◆ WORK TO BE COMPLETED
Give the data again in full, without pictures.
═══ DATASET SECTION
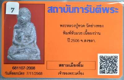พระหลวงปู่ทวด วัดอ่างทอง พิมพ์หัวมวย เนื้อผงว่าน ปี2506 |
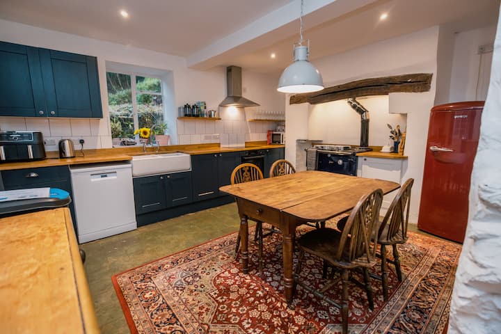 De grote eetkamer behoudt zijn originele tegelvloer en biedt zitplaatsen voor de hele groep om samen van maaltijden te genieten. De recent ingerichte keuken is goed uitgerust voor catering voor grote feesten, met een groot Rayburn-oliefornuis, dubbele Belfast-gootsteen en alle apparaten die nodig zijn voor een onvergetelijk verblijf, waaronder een elektrische oven/kookplaat en een grote airfryer. Een extra koelkast/vriezer bevindt zich in de eetkamer, terwijl een wasmachine handig buiten de doucheruimte op de begane grond is geplaatst. Het gelijkvloers wordt aangevuld door een charmante veranda met originele vloeren en een keuze aan zitplaatsen, met uitzicht op de achtertuin en directe toegang tot de afgesloten patio.
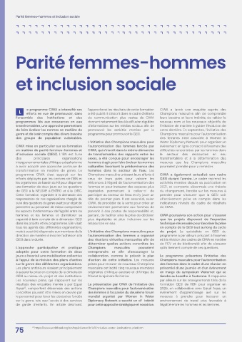en matière de parité femmes-hommes et CIWA, qui s’inscrit dans la même démarche difficultés rencontrées par les femmes dans
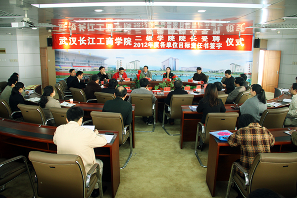 校长张金隆教授向6位院长颁发了聘书,并与他们郑重地签订了2012年度二级学院各项工作目标责任书。
══════
◆ WRITTEN ANSWER
พระหลวงปู่ทวด วัดอ่างทอง พิมพ์หัวมวย เนื้อผงว่าน ปี2506 |
 De grote eetkamer behoudt zijn originele tegelvloer en biedt zitplaatsen voor de hele groep om samen van maaltijden te genieten. De recent ingerichte keuken is goed uitgerust voor catering voor grote feesten, met een groot Rayburn-oliefornuis, dubbele Belfast-gootsteen en alle apparaten die nodig zijn voor een onvergetelijk verblijf, waaronder een elektrische oven/kookplaat en een grote airfryer. Een extra koelkast/vriezer bevindt zich in de eetkamer, terwijl een wasmachine handig buiten de doucheruimte op de begane grond is geplaatst. Het gelijkvloers wordt aangevuld door een charmante veranda met originele vloeren en een keuze aan zitplaatsen, met uitzicht op de achtertuin en directe toegang tot de afgesloten patio.
en matière de parité femmes-hommes et CIWA, qui s’inscrit dans la même démarche difficultés rencontrées par les femmes dans
 校长张金隆教授向6位院长颁发了聘书,并与他们郑重地签订了2012年度二级学院各项工作目标责任书。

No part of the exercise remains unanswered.